• [Work instruction] From the records below, print only the part that opens with the line containing "چاپ تابلو دکوراتیو" and closes with the line containing "Sanctuary Sweet Memory"; omit the pictures.

------ Material for the task

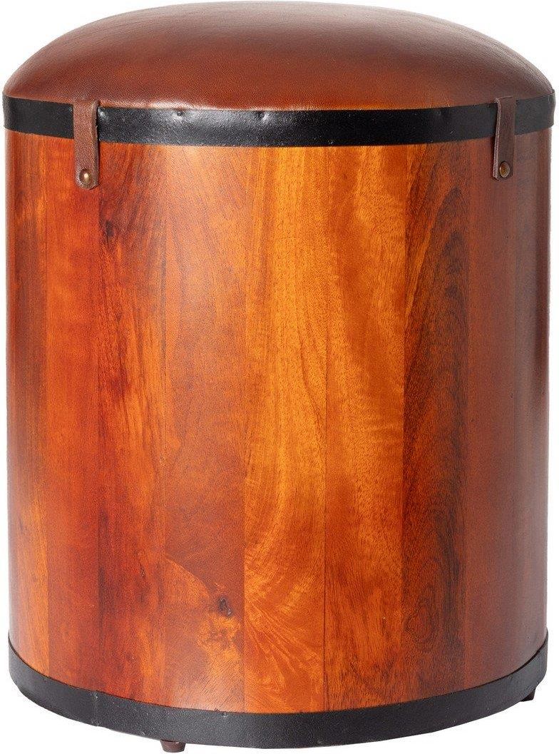 Nietuzinkowa pufa beczka ze skórzanym siedziskiem. Pufa beczka z siedziskiem wykonanym z naturalnej skóry bawolej to doskonałe połączenie stylu, komfortu i trwałości. Ten wyjątkowy mebel doskonale sprawdzi się jako siedzisko, które może stać się dekoracyjnym punktem Twojego wnętrza. Niepowtarzalny design przypomina kształtem klasyczną beczkę, co nadaje pufie niezwykłego uroku i oryginalności. Wykorzystana skóra zapewnia wytrzymałość, wygodę i luksusowy wygląd. Skórzane siedzisko to wygodne miejsce do czytania, rozmów lub odpoczynku. Pufa Oran to zdecydowanie praktyczny dodatek do Twojego wnętrza oraz wyjątkowy element dekoracyjny, który doda elegancji i charakteru każdemu pomieszczeniu. Wymiary: śr. 42 cm, wys. 50 cm.Materiał: naturalna skóra bawola / drewno mango. Kolor: brązowy / naturalny.
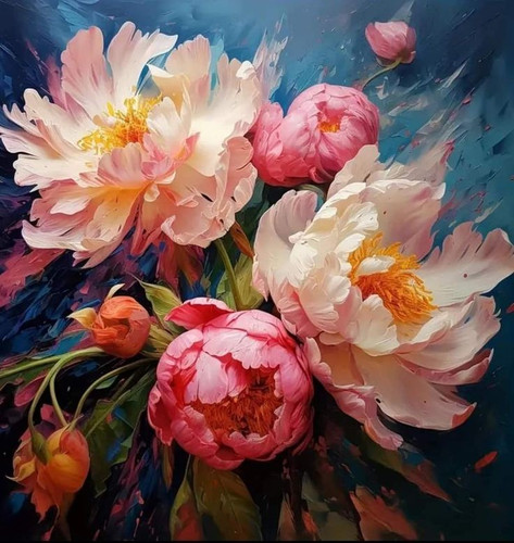 چاپ تابلو دکوراتیو ست سه تکه نقاشی دیجیتال با گل برجسته رنگ روغن
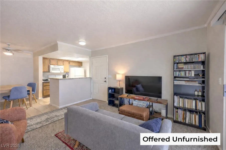 Summerlin unfurnished first-floor condo with 1 bedroom and 1 bath in a secure gated community with a well-designed, efficient layout. Updated kitchen and bathroom feature granite countertops, new sinks, and modern faucets. A brand-new washer and dryer and all major appliances are included with the condo. The living area opens to an extra-large private balcony/patio, well suited for everyday outdoor use. The bedroom offers a walk-in closet with ample storage. Community amenities include two pools, spa, fitness center, and clubhouse. Well-maintained grounds provide direct access to Pueblo Park. The community features two separate gated entrances, making access and parking convenient. Ideally located minutes from US-95/I-11, Summerlin Parkway, shopping, dining, golf courses, and Santa Fe, Rampart, and Suncoast Casinos. Unfurnished; furniture shown is for staging purposes only.
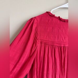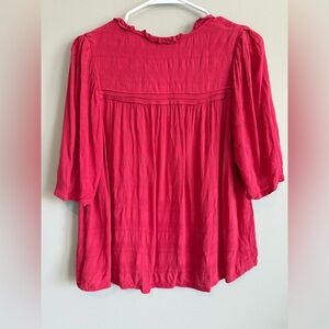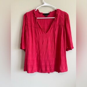 Sanctuary Sweet Memory Top, a flowy 100% rayon shirt featuring a ruffled V-neck and tie details. Soft-flowing raspberry red blouse with a V-neck and subtle ruffle trim. Lightweight fabric with gentle gathers at the shoulders. Three-quarter sleeves and a relaxed hem for easy styling.
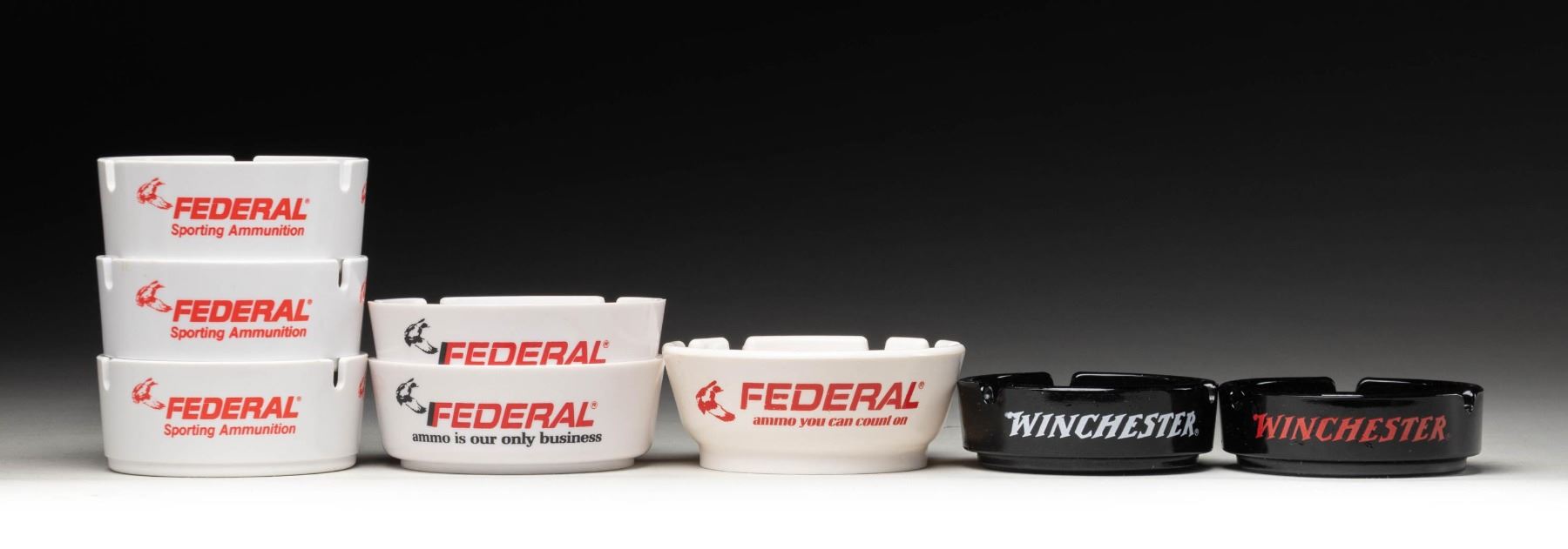 Lot of 8 Federal and Winchester ash trays, including: 1) x6 Federal Ammunition ash trays. Trays are comprised of white plastic and are of assorted size. 2) x2 Winchester / Western ash trays. Black ceramic construction. x1 with white lettering, x1 with red lettering. Red lettered tray is complete with what appears to be its factory cardboard box. CONDITION: trays are very good overall, showing some light superficial handling marks. PROVENANCE: Norman Olliff Estate. (02-25647/MLW). NON-GUN. $25-50.

------------

• [Result of this task]
 چاپ تابلو دکوراتیو ست سه تکه نقاشی دیجیتال با گل برجسته رنگ روغن
 Summerlin unfurnished first-floor condo with 1 bedroom and 1 bath in a secure gated community with a well-designed, efficient layout. Updated kitchen and bathroom feature granite countertops, new sinks, and modern faucets. A brand-new washer and dryer and all major appliances are included with the condo. The living area opens to an extra-large private balcony/patio, well suited for everyday outdoor use. The bedroom offers a walk-in closet with ample storage. Community amenities include two pools, spa, fitness center, and clubhouse. Well-maintained grounds provide direct access to Pueblo Park. The community features two separate gated entrances, making access and parking convenient. Ideally located minutes from US-95/I-11, Summerlin Parkway, shopping, dining, golf courses, and Santa Fe, Rampart, and Suncoast Casinos. Unfurnished; furniture shown is for staging purposes only.
 Sanctuary Sweet Memory Top, a flowy 100% rayon shirt featuring a ruffled V-neck and tie details. Soft-flowing raspberry red blouse with a V-neck and subtle ruffle trim. Lightweight fabric with gentle gathers at the shoulders. Three-quarter sleeves and a relaxed hem for easy styling.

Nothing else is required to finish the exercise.